Limitations and Scope

VBI is designed for amortized simulation-based inference (SBI) on whole-brain network models. It is most useful when you need full posterior distributions over a modest number of biophysically meaningful control parameters and can afford an upfront simulation and training budget in exchange for fast, reusable inference on new observations.

When to use VBI

VBI is a good fit when:

  • You work with whole-brain network models (e.g. Jansen-Rit, Wilson-Cowan, Wong-Wang, Montbrió/MPR, Stuart-Landau, Epileptor/VEP) and want to invert them against empirical neuroimaging data (fMRI, EEG, MEG, SEEG).

  • You want a full posterior distribution over model parameters, including uncertainty, rather than a single point estimate.

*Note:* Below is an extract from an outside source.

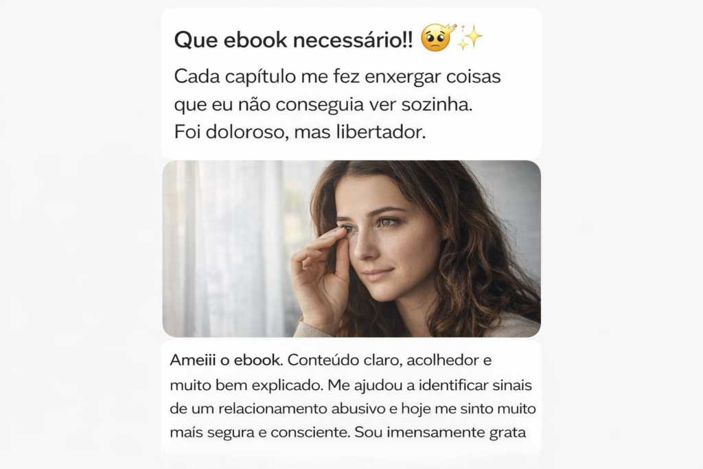 E se eu te contar que é possível reconhecer um relacionamento abusivo logo no início e sair dele com mais consciência, segurança e amor-próprio?

  • You plan to perform inference repeatedly on many subjects or observations, so the one-time cost of amortized training pays off.

  • You can run a sufficiently large simulation budget on CPU or GPU.

Limitations

Users should keep the following limitations in mind:

Parameter identifiability. Some parameters are only jointly (not individually) identifiable. For example, in the Wong-Wang model the global coupling G and synaptic coupling J are structurally non-identifiable and yield a curved, degenerate posterior. This is a property of the model and the data rather than of VBI itself, but it limits how uniquely individual parameters can be recovered.

Choice of data features. Inference quality depends strongly on selecting low-dimensional data features that are informative about the target parameters. Functional connectivity alone (FC/FCD) is often insufficient for estimating regional parameters; spatio-temporal features are usually required.

Noise sensitivity. High observational or dynamical noise can corrupt feature estimation and degrade the resulting posterior.

Simulation budget. There is no principled rule for the number of simulations required to train a reliable estimator. Adequacy must be checked empirically, for example using posterior z-scores and shrinkage or simulation-based calibration (SBC).

Upfront computational cost. Single-round amortized training requires a substantial one-time compute investment (roughly tens of minutes to several hours, depending on the model and simulation budget) before inference becomes inexpensive.

Preprocessing. Some statistical information (e.g. signal mean and variance) can be lost during feature preprocessing, reducing the informativeness of the extracted features.

Further reading

For a detailed validation study and an in-depth discussion of these points, see Ziaeemehr et al., eLife 2025.